How Come Women Are So Poor? (If Canada Is Such a Great Place to Live)

By Brodsky, Gwen; Day, Shelagh | Herizons, Fall 2000 | Go to article overview

How Come Women Are So Poor? (If Canada Is Such a Great Place to Live)


Brodsky, Gwen, Day, Shelagh, Herizons


It is no accident. The unravelling of Canada's social safety net has been a wholly ideological exercise, designed to shift Canadians' expectations and values, to convince us that smaller government is necessary and that a collective sense of responsibility for everyone's economic security, education and health is simply outmoded.
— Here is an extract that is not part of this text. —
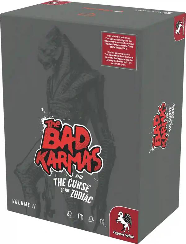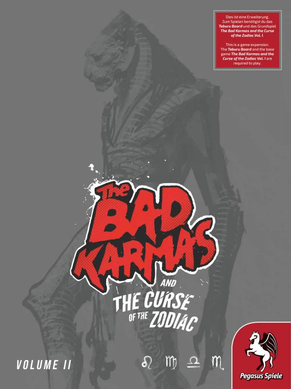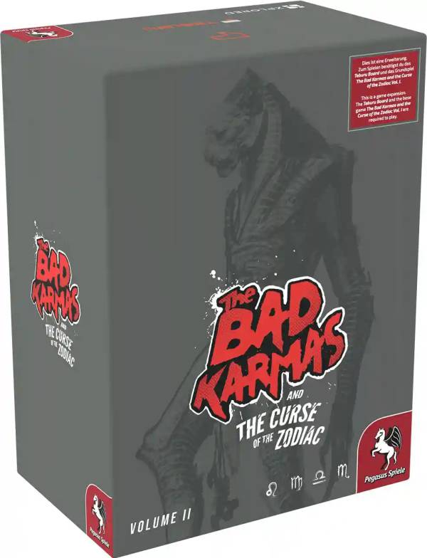 Pegasus Spiele (2026)Der Kampf der Bad Karmas um das Überleben der Menschheit nimmt kein Ende. In dieser Erweiterung von The Bad Karmas and the Curse of the Zodiac treten die Spielenden gegen Leo, Virgo, Libra und Scorpio an.

The unravelling can be traced back to February 1995 when, in legislation to implement the budget, Paul Martin introduced The Budget Implementation Act (BIA). The BIA repealed the Canada Assistance Plan Act (CAP) and replaced it with the Canadian Health and Social Transfer (CHST). In doing so, the federal government eliminated the conditions attached to social assistance spending; it ended 50-50 federal- provincial cost-sharing for social services; combined funds for health care, post-secondary education, social assistance and key social services into one block transfer; and drastically cut the total amount of the transfer to the provinces. This has lead to cuts across the country in key social programs and to a profound shift in the responsibilities of the federal, provincial and territorial governments for the economic and social wellbeing of Canadians. And women are reeling from the setbacks.

It is a source of national pride for most Canadians that, for more than 30 years, the federal government has played a central role in the provision of social programs by offering money to the provinces and attaching conditions to the transfer of funds. By exercising its spending power, the federal government ensured that key programs, like health care, post-secondary education, welfare and other social services were delivered, and that those programs met pan-Canadian standards of eligibility and quality.
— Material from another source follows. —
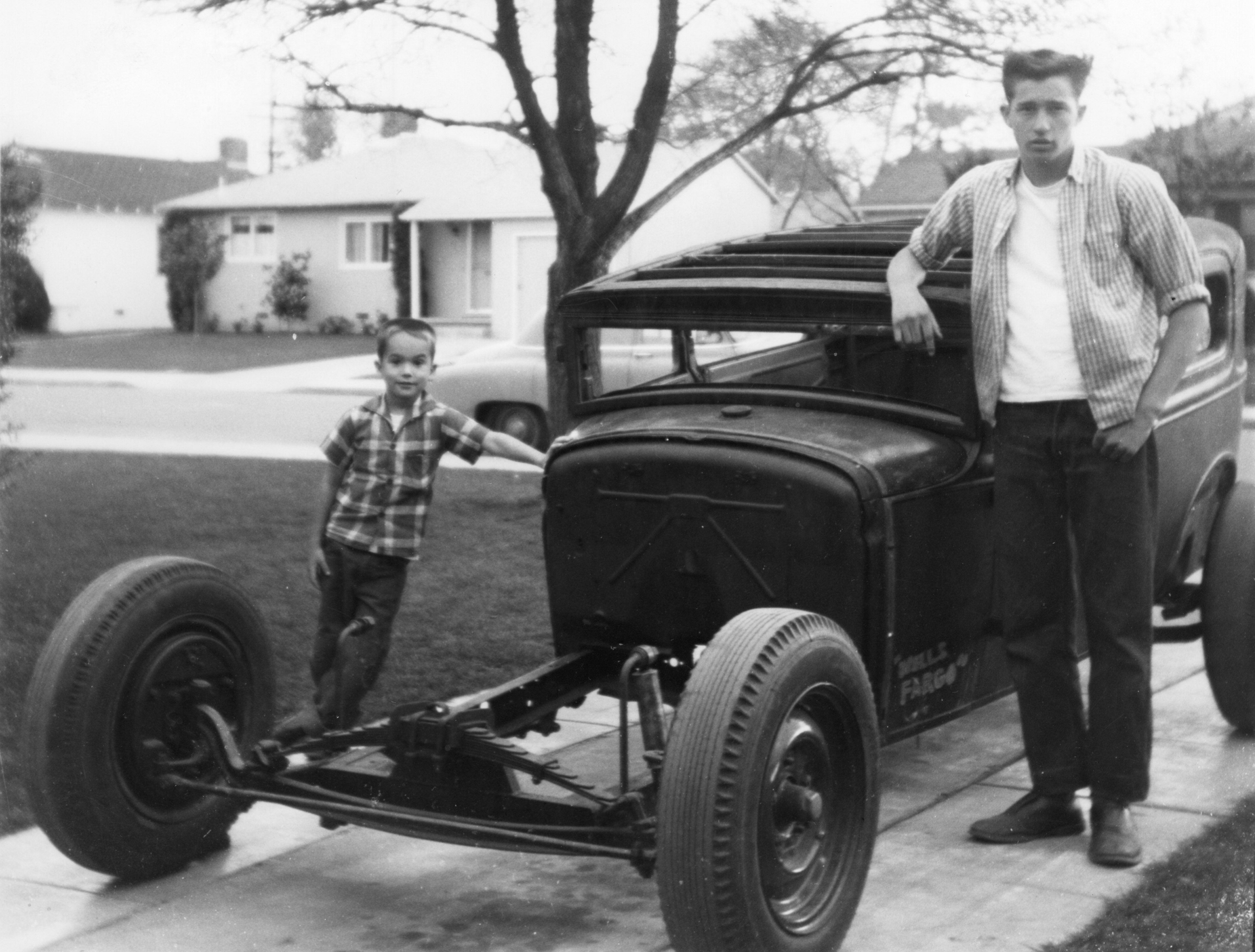 One of the trends was the car’s ‘rake’. Rake in this case was the angle the car set in relation to the ground (front lower than the rear). This was very popular at the time, and a must for a hot rod. There were a couple ways to accomplish this; one was to use small tires on the front, and large tires on the rear. Another was to use a dropped front axle, and I decided to do both. I picked up some large rear tires (8.20 x 15”) from the used tire pile at our local neighborhood Shell service station, and I had Mor-Drop Axles in Oakland, Calif. make me a dropped front axle. Together they created a slight rake, but it wasn’t enough. I wanted the rake to be a little more radical. So, I used a third method to lower the front end of the car, a suicide front crossmember, which drops the frame down behind the front axle. The crossmember was a part that had to be custom made using steel plate, tubing, and a lot of welding, something I didn’t have any experience with. I was in my second year of high school metal shop, but so far I had only worked with light gauge sheet metal and copper.

The BIA changed all that. It allowed the federal government to drop conditions on the transfer of funds, except the standards for health care that are set out in the Canada Health Act. It continued the general trend of reducing federal spending on social programs. Provinces, meanwhile, have demanded more control over the social programs that they are increasingly responsible for funding and have cut programs, narrowed eligibility rules and reduced welfare rates.

This change marks a historic moment for women's rights in Canada one that is no less significant than the introduction of statutory prohibitions against sex discrimination in the 1970s or the constitutionalization of equality guarantees in the 1980s.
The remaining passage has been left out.